Right in the middle of this whole, epic, soul searching situation, I just disappear.
I warn you, I can be flaky like that, lol.
But I SWEAR I had a good reason (this time).
I was almost homeless, y’all! Home. Less. Without home. Sleeping in my SUV using the dog as a pillow.
Not a good look for the kid.
So I had to handle that. And I did, never fear. I am no longer homeless, but rather in the possession of a rather cute apartment that I am currently in love with and dying to decorate. Granted, I will be too broke henceforth, now, and forever more to decorate it, but so long as I’m not Boxcar Kid-ing it, it is all good.
Expect many, MANY stories about the terrors of living alone. There are many. I have experienced them. And I moved in all of one week ago.
Circling back around to some semblance of sense, I have been thinking alot about a conversation I had a few weeks ago with Michael. I think, generally, he indulges my particular brand of crazy because, well, let’s face it most times it’s hilarious, but during what was most likely a light hearted conversation about family fails, we got on the subject of allowing people to be who they are. In a rare moment of sobriety clarity I said to him, “I have learned that people will be exactly who they are and I can’t change them, but I haven’t quite learned how to forgive them for not being what I need.”
Michael says, “Come on nah. You’re 26. It’s about time to learn that lesson.”
Hate when he’s right.
Sure, sure, he said it as nicely as blackberry messenger can allow one to come off without benefit of tone or tact. But he’s right. And it stung.

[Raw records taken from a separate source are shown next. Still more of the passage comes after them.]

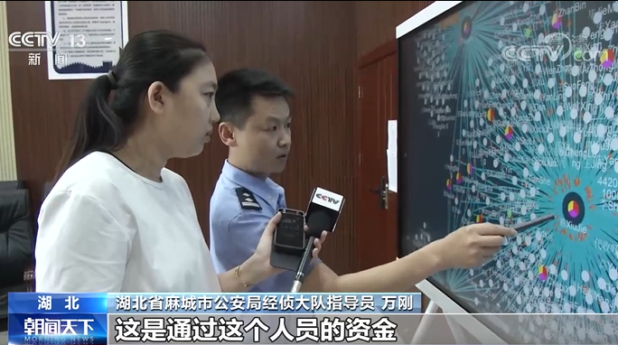 湖北省麻城市公安局经侦大队指导员 万刚:通过对资金的研判,发现有作案嫌疑的人员,这是通过这个人员的资金发散出来的涉案人员。我们通过这种研判发现关联的账户有一千余个,一千余个账户里面的流水信息量达到两千多万条。
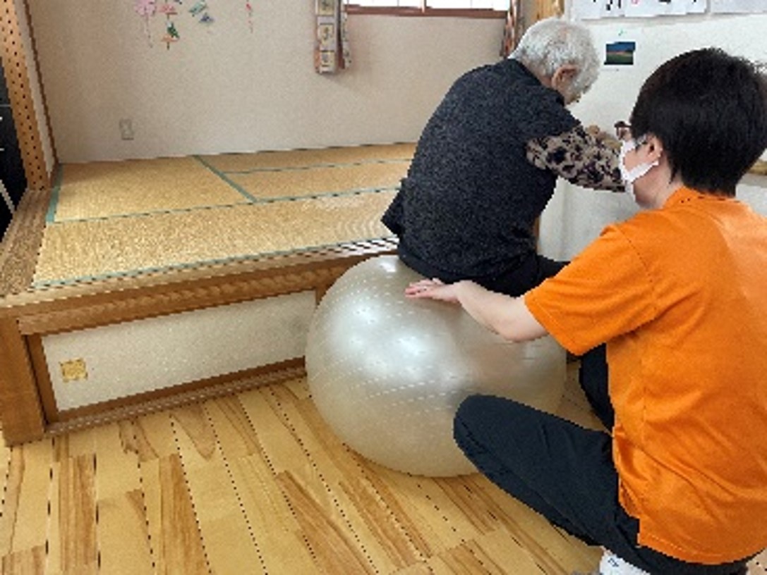 バランスボールを使った運動やホール内を歩行する等身体に負担がかからない運動で皆さん体力維持を図っています。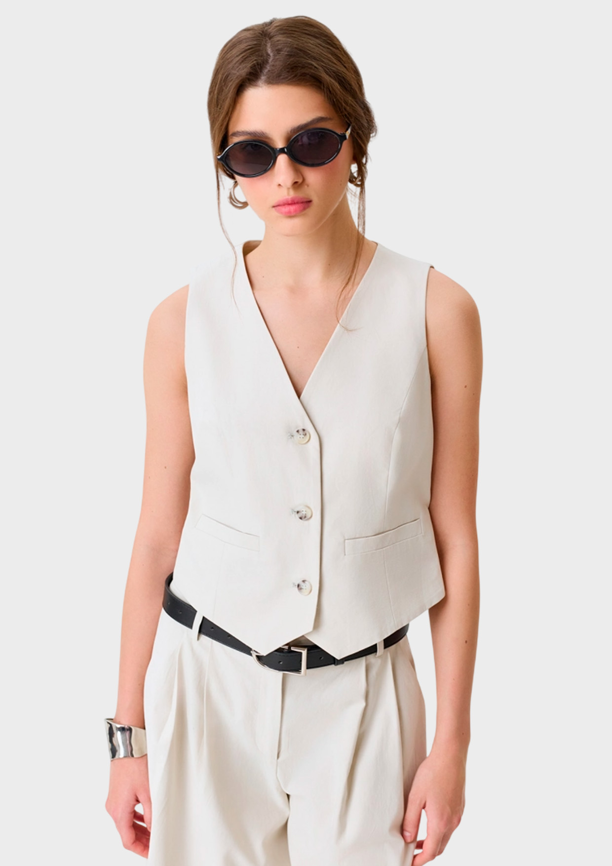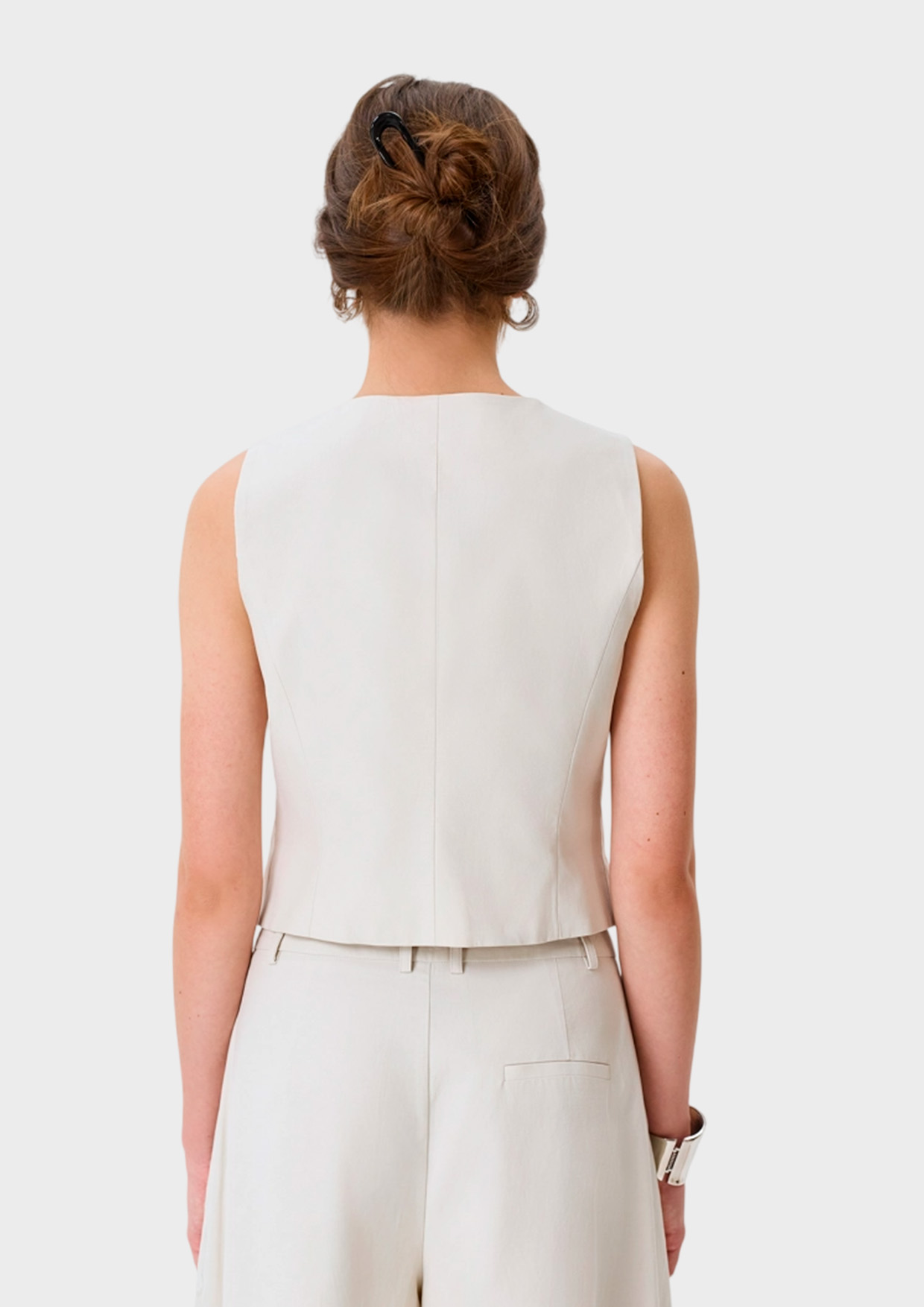 Классический жилет из лиоцелла и хлопка. Полуприталенный силуэт. V-образный вырез. Застежка на роговые пуговицы. Имитация боковых карманов с листочками.

Once upon a time, I remember a friend calling me “Slayer of Everything that Moves” upon the dissolution of a friendship or relationship. It was really funny at the time, but when I started to think about it once I was sober, it’s really quite true. It usually takes me quite some time to decide that I am done with people in my life, but once I do, I am DONE. They are dead to me. Not moving. A distant mirage that I might recall for comedic effect or I might pretend never existed. It really just depends on my mood. But that is mostly because I don’t particularly thrive in the gray area.

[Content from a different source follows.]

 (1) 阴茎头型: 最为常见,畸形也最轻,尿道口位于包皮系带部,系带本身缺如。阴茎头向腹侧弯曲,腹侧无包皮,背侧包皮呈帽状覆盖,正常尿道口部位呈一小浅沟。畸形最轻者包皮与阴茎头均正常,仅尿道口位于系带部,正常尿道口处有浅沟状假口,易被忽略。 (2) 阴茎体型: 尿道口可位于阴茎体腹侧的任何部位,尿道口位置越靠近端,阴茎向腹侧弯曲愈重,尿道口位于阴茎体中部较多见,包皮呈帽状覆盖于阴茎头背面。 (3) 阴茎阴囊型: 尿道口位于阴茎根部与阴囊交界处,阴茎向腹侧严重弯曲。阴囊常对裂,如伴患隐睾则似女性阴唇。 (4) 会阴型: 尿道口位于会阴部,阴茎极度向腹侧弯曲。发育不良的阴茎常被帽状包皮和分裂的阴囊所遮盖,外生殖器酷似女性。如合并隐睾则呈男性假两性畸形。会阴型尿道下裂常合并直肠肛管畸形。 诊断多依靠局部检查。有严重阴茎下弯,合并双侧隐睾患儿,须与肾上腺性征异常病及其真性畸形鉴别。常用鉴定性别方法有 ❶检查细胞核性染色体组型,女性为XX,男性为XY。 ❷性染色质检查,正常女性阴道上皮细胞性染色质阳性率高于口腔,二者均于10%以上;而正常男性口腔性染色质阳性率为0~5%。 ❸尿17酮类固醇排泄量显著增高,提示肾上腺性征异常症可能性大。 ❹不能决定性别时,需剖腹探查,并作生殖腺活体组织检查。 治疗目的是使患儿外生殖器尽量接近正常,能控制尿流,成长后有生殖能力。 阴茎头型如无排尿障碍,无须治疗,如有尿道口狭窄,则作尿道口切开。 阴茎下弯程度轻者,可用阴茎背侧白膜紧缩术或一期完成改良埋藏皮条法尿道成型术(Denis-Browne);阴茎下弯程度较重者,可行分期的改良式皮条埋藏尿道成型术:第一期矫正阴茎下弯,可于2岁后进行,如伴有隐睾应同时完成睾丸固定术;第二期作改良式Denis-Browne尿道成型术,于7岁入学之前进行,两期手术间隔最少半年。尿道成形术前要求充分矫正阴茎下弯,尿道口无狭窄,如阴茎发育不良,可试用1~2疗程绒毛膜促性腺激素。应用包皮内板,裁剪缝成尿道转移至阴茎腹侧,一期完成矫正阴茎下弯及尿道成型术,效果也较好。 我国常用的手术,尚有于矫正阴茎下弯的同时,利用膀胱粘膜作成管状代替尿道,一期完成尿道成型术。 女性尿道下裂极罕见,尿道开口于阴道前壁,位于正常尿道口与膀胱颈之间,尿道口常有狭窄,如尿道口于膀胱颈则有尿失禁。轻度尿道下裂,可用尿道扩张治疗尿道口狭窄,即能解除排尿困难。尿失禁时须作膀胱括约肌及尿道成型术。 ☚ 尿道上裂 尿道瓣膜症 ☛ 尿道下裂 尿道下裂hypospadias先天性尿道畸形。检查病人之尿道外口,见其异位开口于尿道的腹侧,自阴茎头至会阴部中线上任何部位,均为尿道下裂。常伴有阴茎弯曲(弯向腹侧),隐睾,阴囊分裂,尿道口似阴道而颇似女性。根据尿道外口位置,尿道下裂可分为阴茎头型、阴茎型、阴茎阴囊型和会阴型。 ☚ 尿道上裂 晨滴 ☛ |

I don’t know what to do with that friend who is no longer a friend because you can’t really trust them, but they a tree with deep roots in your history. I am never sure where to step with a lover I am no longer sleeping with who inquires about my day. I can’t handle that. I don’t know how. And in all honesty, I am not sure if I want to know how.
Not because these types of changes in relationships are particularly difficult to navigate. But rather because I am Slayer of Everything that Moves; I don’t want to be looking at a Something that use to be an Everything, being simultaneously reminded of all the good things we shared and all of the unique, intricate ways they hurt me. Rather, I want everything to STOP MOVING. So I can get up outta here.
Otherwise, I just don’t know where to put it.
Seemingly, superficially, this has worked for me up until this point. But I also recognize that there are people I can’t extract from my life, who still drive me crazy everyday and who, as Michael said, I would benefit greatly from learning to just allow them to be them, without that being in tangent to recalling how being them has meant for the injury of me.
I am gonna work on that. In the meantime though, I slay everything that moves.
That includes the varying collection of bugs I keep finding in my apartment abutting the woods. Wtf?!?!